Well, yes, but since RETURNING is non-standard most ORMs are unlikely to
support fetching other generated values that way anyway. The ones that I've
dealt with will do an insert, then a select to get the extra fields. I
don't know if other JDBC drivers allow applications to just specify any old
list of non-key columns to the execute method, but I suspect not, given
that the way they fetch those columns is rather less general-purpose than
our RETURNING syntax.

>
> The second paragraph refers to [3] and [4] where the application can
> specify which columns it's after.
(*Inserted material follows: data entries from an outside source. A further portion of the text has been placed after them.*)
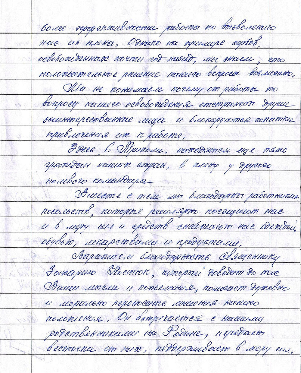 Выражаем благодарность священнику Захарии Керстюку, который доводит до нас Ваши мысли и пожелания, помогает духовно и морально переносить лишения нашего положения. Он встречается с нашими родственниками на Родине, передает весточки от них, поддерживает в меру сил.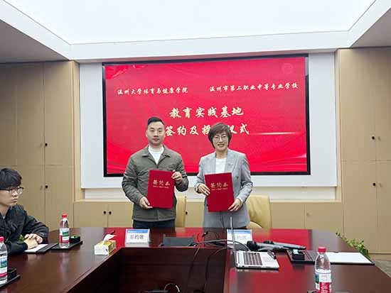 儀式環(huán)節(jié),雙方代表共同簽署合作協(xié)議。此次教育實(shí)踐基地的簽約,搭建起了高校與中職協(xié)同育人的橋梁,不僅為溫大體育專(zhuān)業(yè)學(xué)子提供了優(yōu)質(zhì)的實(shí)踐平臺(tái),也為二職注入了前沿的體育教育理念與專(zhuān)業(yè)資源,助力學(xué)校體育教育教學(xué)水平再上新臺(tái)階,實(shí)現(xiàn)共育新時(shí)代體育人才的美好愿景。(王佩佩)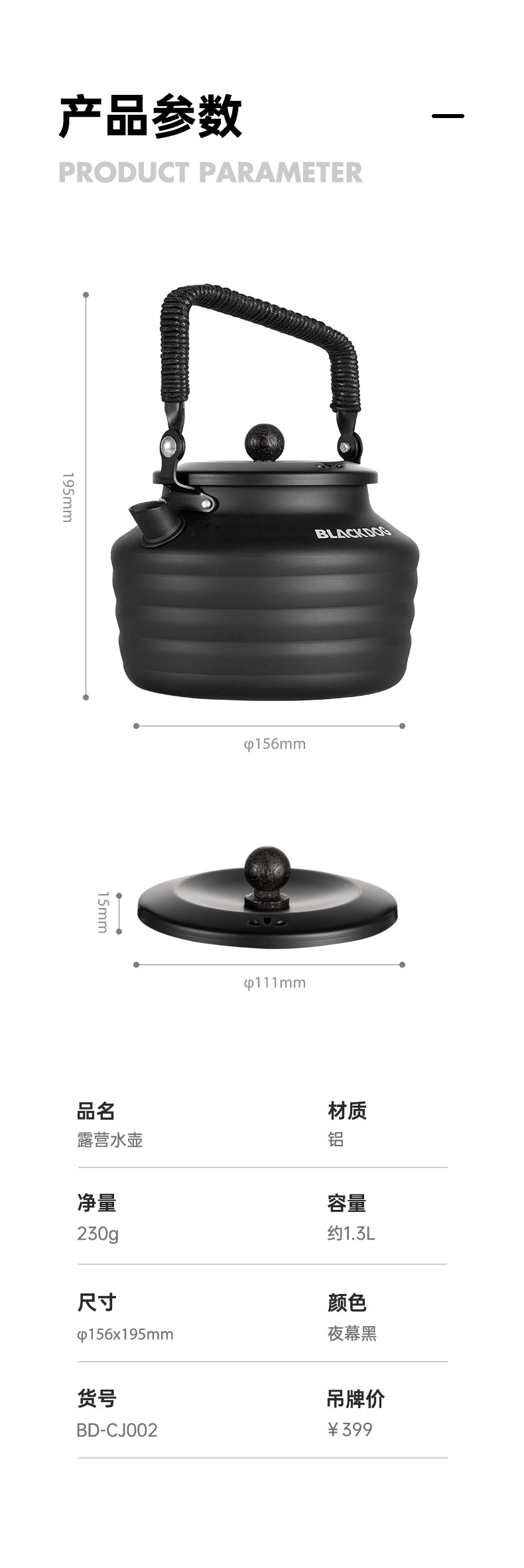Blackdog黑狗轻量铝合金烧水壶户外露营野营便携式茶壶野外煮水壶 投诉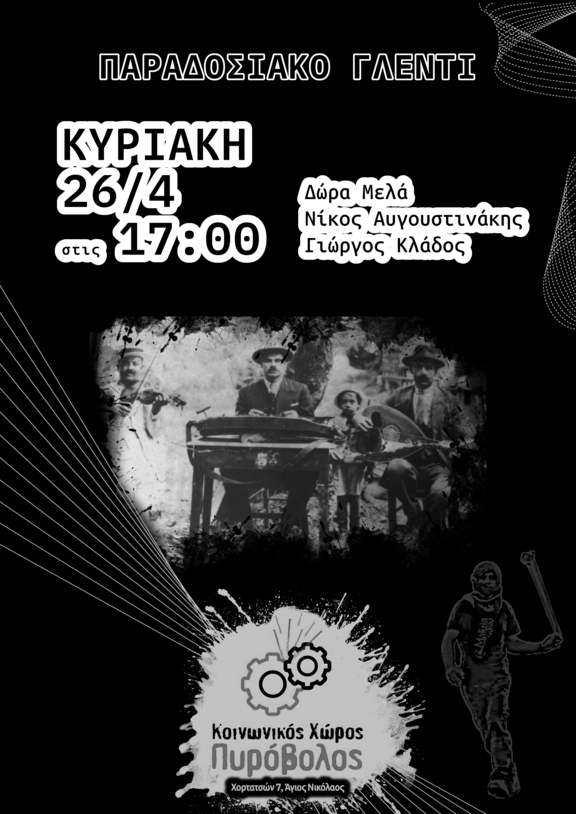 Κυριακή 26/4 στις 17:00. Στον κοινωνικό χώρο Πυρόβολο. Χορτατσών 7, Άγιος Νικόλαος.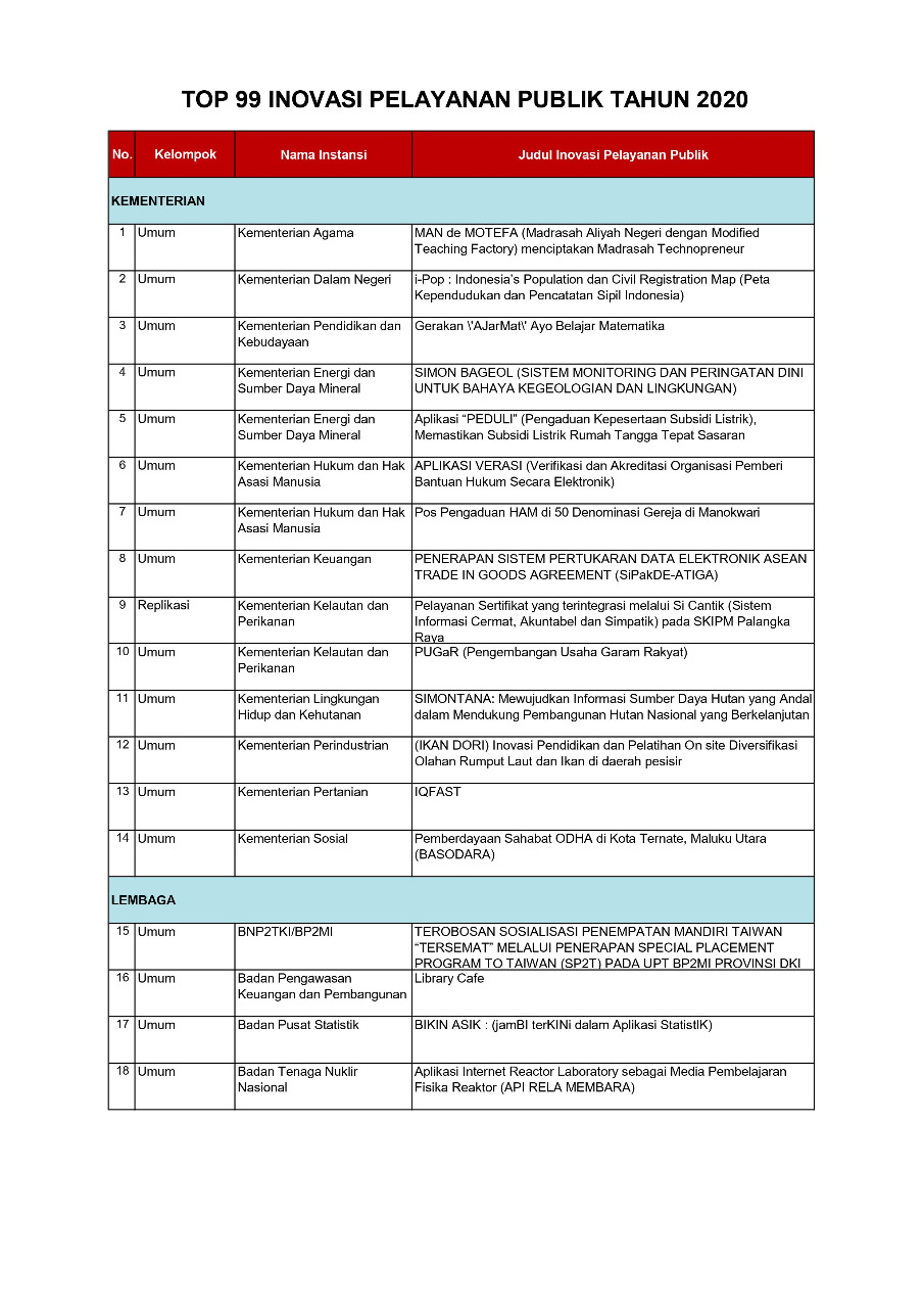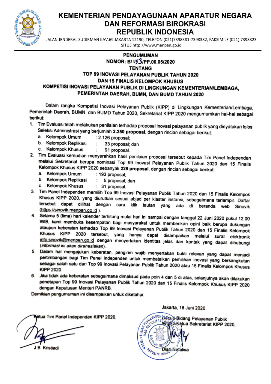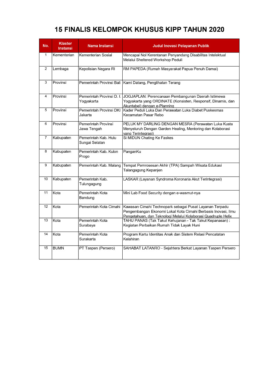 Pemerintah Kabupaten Jombang melalui Inovasi Ekowisata Wonosalam Permata Hati dari Dinas Lingkungan Hidup berhasil menorehkan prestasi kedalam Top 99 Inovasi Pelayanan Publik yang diselenggarakan oleh Kementerian Pendayagunaan Aparatur Negara dan Reformasi Birokrasi. Hasil resmi Top 99 Inovasi Pelayanan Publik tersebut tertuang pada Pengumuman Nomor : B/153/PP.00.05/2020 tentang Top 99 Inovasi Pelayanan Publik Tahun 2020 dan 15 Finalis Kelompok Khusus Kompetisi Inovasi Pelayanan Publik Di Lingkungan Kementrian / Lembaga / Pemerintah Daerah, BUMN dan BUMD Tahun 2020.

Given that there's a mechanism to specify
> which keys the application wants returned in the driver, and the driver in
> that case can just issue a RETURNING clause with a column list, my gut feel
> would be to just support returning primary keys as that will handle most
> cases of e.g. middleware like ORMs fetching that without needing to know
> the specific column names.
>
> Why not then just leave the whole thing as it is on server side, and let
> the ORM specify which "generated keys" it wants ?
>

Because java-based ORMs (at least) mostly don't have to - other
server/driver combos manage to implement getGeneratedKeys() without being
explicitly given a column list, they just do the sane thing and return the
appropriate identity column or whatever for the inserted row.

I agree that in hand-crafted JDBC there's no particular problem in making a
user specify a column list, (although I don't think I've EVER seen anyone
actually do that in the wild), but most middleware will expect
getGeneratedKeys() to just work and we should try to do something about
making that case work a bit more efficiently than it does now.